When Water Projects International visits a location to propose a specific project, we first spend time with each community to explain what we are going to do and how this project will benefit each and every person living in that location.
I have never had a community (the people that is) no matter what country in the world that has not welcomed me with open arms to hear more about clean water and the possibility of installing a clean water well.
Young boy that can't wait to try out the new Ceramic
water filter that WPI gave to his family
We know that if everyone listens to what we teach and if they go just that little extra step to care for their water sources and use proper sanitation methods that disease and sickness throughout the community will be greatly decreased. Children under the age of five are the most vulnerable to diseases found in unclean water; and after the installation of one of our clean water projects, illness in children will drop on average by a staggering 75 percent!
Water Projects International utilizes local labor to complete our projects, meaning that we can keep our costs in travel and administration to a very low number allowing for more lives to be changed. Due to my extended stay in Peru, I have not been in the USA for some time now and WPI’s greatest need is for venues in which to have events that promote what we are doing. WPI is a grass roots organization and there is nothing special about me or the people that work with us, we are just normal people working around the world to change the lives of those in need.
When working with government officials that do not see "eye to eye" with our efforts, I find that there are two reasons that they take this approach to our efforts.

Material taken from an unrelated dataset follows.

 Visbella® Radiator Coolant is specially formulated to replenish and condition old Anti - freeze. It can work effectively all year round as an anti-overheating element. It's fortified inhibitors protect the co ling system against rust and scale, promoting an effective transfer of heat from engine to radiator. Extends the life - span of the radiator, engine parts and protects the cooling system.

One is that they have worked with nonprofit organizations in the past and have had a bad experience. Unfortunately this makes work for us difficult as we have to earn the trust and respect of these officials who have already had these bad experiences.

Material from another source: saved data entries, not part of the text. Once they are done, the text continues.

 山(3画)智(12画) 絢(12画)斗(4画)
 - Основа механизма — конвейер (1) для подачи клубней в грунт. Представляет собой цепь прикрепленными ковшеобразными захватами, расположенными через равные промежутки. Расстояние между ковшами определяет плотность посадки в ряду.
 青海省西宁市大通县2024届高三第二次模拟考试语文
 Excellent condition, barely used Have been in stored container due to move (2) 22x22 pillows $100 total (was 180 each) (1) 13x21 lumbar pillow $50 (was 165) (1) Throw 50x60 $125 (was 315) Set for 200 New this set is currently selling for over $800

Second and normally the main reason is that unfortunately the majority of government officials are captured in the net of corruption that runs deep especially in Peru. We find that these officials are eager to make as much of a profit as possible, even if it means to sacrifice care of the people.
What I try to do when working with these officials, is to explain to them how looking after the people and caring for them will in turn raise rapport for their office, and therefore make things even better for them in the long run. Everyone deserves to have clean water no matter who they are. Look at it this way; when a person has clean drinking water that is not a days walk from their home, they will be much more likely to respect the government officials that have approved the projects to get that water to them. So I find that our best strategy is to work to educate and encourage these officials in a way that shows caring for those of whom they are governing.
With all of this said, there are situations that are all too common where nothing can be done to work with the approval and we must go into a location without the approval of government officials. Unfortunately this method is often the fastest and most cost effective, but in extreme situations, our work can be stopped and we can be barred from ever working in that area again. Due to the remote locations that WPI does most of its work, we find that we can do most of our projects without the officials ever becoming involved and this many times is the best of all situations.
Small boy outside his home in the desert of coastal Peru.
The number one inspiration that keeps me moving through the tough times is know that there are over 1 BILLION people today that do not have access to clean drinking water. I have lived all my life with the ability to turn on the tap and drink the water because I was blessed to live in a country where clean water is not an issue. But when I think of all the many people around the world that do not have this luxury (and it is a luxury, trust me after living in the Middle East and South America for several years, you learn just how luxurious clean tap water really is) I can only bring myself to do one thing, and that is to continue moving forward doing whatever humanly possible to provide clean water to as many people worldwide as I possibly can.